La sconfitta nel referendum costituzionale , al netto di tutti gli aspetti legati alla personalizzazione, rappresentò il fallimento dell’ultimo tentativo possibile di dare una soluzione centralista , guidata da un leader forte e determinato, alla crisi italiana. Ad essere bocciati nuovamente il 4 marzo furono poi gli elementi-cardine della politica del Pd “renziano”: la distruzione sistematica delle autonomie locali in favore di un rafforzamento senza precedenti del potere di Palazzo Chigi, nemmeno dei ministeri ; riduzione delle tasse “lineare” unita alla politica di elargizione di “bonus” sostanzialmente indiscriminata, alla ricerca del rilancio dei consumi interni ; incremento dei trasferimenti alle imprese come misura di rilancio degli investimenti. Questa politica è stata sostenuta da una utilizzazione di fondi pubblici, questa sì “senza precedenti” almeno recenti : si tratta di almeno 44 miliardi di euro in tre anni, di cui più o meno la metà ricavata da un taglio di risorse al comparto degli enti locali ed i restanti utilizzando i margini di flessibilità (anch’essi senza precedenti). Ma l’azione più decisamente mirata ha riguardato la definitiva alterazione dei meccanismi legislativi di gestione ordinaria, trasformando ogni finanziaria, milleproroghe etc in una “roulette” dalla quale potevano uscire i numeri vincenti senza alcuna logica apparente ed al contempo portando a regola l’intervento eccezionale e fuori schema, generalmente annunciato dal premier prima del lavoro degli uffici in una sorte di regime “de iure condendo..” . La nascita e l’uso dell’ Anac di Cantone come garante di questi processi extracorporei - inizialmente per gli appalti e poi anche su altri settori – ha completato sul versante giuridico l’impianto “commissariale” affermatosi in quegli anni.
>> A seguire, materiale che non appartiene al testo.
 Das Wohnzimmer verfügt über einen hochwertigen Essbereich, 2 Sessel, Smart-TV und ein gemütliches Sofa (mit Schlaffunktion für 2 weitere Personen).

Per nemesi storica, i gialloverdi oggi al Governo utilizzano , maldestramente sul piano amministrativo, magistralmente sul piano della comunicazione elettorale, proprio l’impianto che il centrosinistra di governo ha costruito in questi anni .
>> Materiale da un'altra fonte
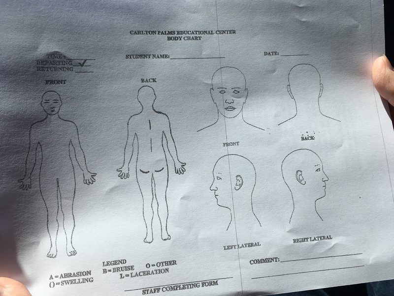 I learned that at Carlton Palms, most clients’ behavior plans include a blanket statement that allows staff to use of all kinds of available restraints. Reports show staff typically skip over the other steps — ways to calm someone down, give them space, try to communicate with them. They go right to the restraints.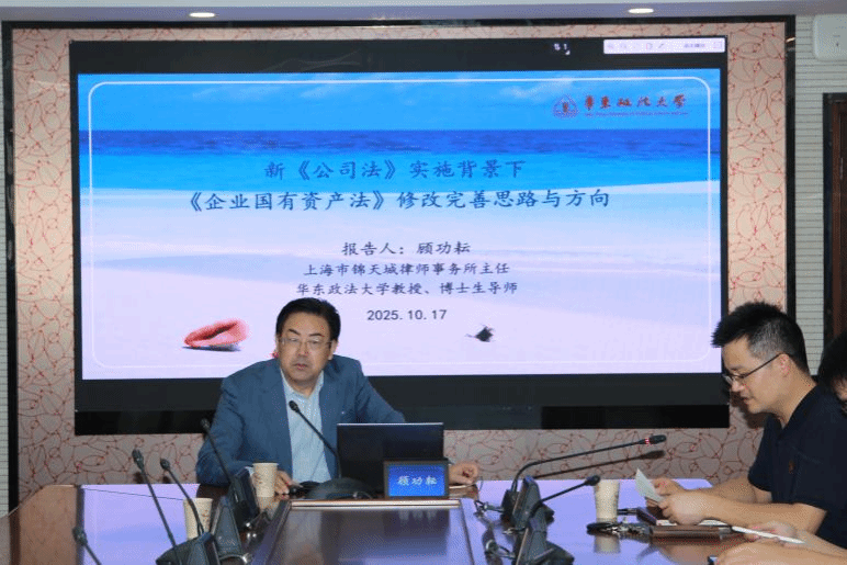 2025年10月17日下午,以“新《公司法》实施背景下《企业国有资产法》修改完善重点与方向”为主题的学术讲座,在南京师范大学仙林校区行敏楼434会议室举行。本次讲座特邀上海市锦天城律师事务所主任、原华东政法大学副校长,兼任中国法学会商法学研究会副会长、中国法学会经济法学研究会副会长、中国国际经济贸易仲裁委员会仲裁员顾功耘教授担任主讲嘉宾,我院倪斐教授担任主持人。来自各年级的本硕博学子到场学习,共同聆听了这场关于新时代背景下国有企业资产制度发展的学术盛宴。

L’altra sinistra, quella che non c’è, non è mai riuscita a capire ( o più probabilmente non poteva capire ) che il problema non era e non è Renzi ed il suo carattere più o meno simpatico, ma è proprio quello di cambiare il paradigma centralista.
Mi si perdoni l’autocitazione, ma le parole che scrivevo nel novembre 2014, in un articolo dal titolo “Cambio di vento o giro di valzer” , sono state purtroppo profetiche e nello stesso tempo sono attuali : “La finanziaria contiene cose di buon senso , qualche utile correzione, qualche nuovo errore ma è sostanzialmente in linea con tutte le ultime finanziarie….. Per ricostruire (..) l'unica via è un grande piano di investimenti pubblici, (…) esattamente come successe nel dopoguerra .
Le nuove infrastrutture ed i nuovi investimenti riguardano il risanamento ambientale, idrogeologico , il recupero del patrimonio edilizio esistente, il trasporto su ferro (…) Occorre farlo prima che si disperda la risorsa principale di cui disponiamo in Italia , la cultura delle arti e dei mestieri. E la dimensione di investimento non è quella dei Piani Marshall nazionali , ma è quella dei territori , quella "locale" che sviluppa le tendenze esistenti e non ne inventa di nuove .”
Ecco , la ricostruzione di una nuova politica della sinistra, in Italia ed in Europa, o riparte dai territori o sarà velleitaria e destinata a soccombere come avvenne, tragicamente, nel secolo scorso.